Senate appropriators are readying a massive $60 billion aid package for states effected by Superstorm Sandy, which struck the East Coast at the end of October. Sources on the Hill tell Breitbart News that the full Senate is expected to take up the measure later this week, when it turns its attention to the pending Military Construction appropriation, which passed the House earlier this year. The disaster relief will be added as an amendment.
Sources expect a floor fight over amendments to at least partially offset the costs of the relief, but that these will be unsuccessful. One possible fight could be over a White House proposal to appropriate $15 billion of the relief, a quarter of the total aid, through the Community Development Block Grant Program. That program has extremely flexible guidelines for eligible projects and could fund efforts only tangentially related to Sandy.

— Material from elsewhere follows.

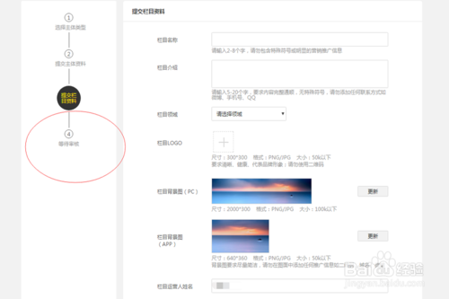 填寫欄目資料,點擊提交審核

Next week, the House will likely take up the Senate version or request a conference to iron out specific details. Republicans on the Appropriations Committee have discussed, as an initial step, simply using the roughly $5 billion that remains in FEMA's disaster relief accounts. They could then revisit the matter next year if more aid is warranted.
It's a sensible position. And one that will remain on the table around 30 seconds after the Sandy Aid bill hits the House. With the holidays approaching, pressure on the House GOP to quickly pass a relief package will be enormous. It is unlikely they will make any real effort to offset the costs of the measure.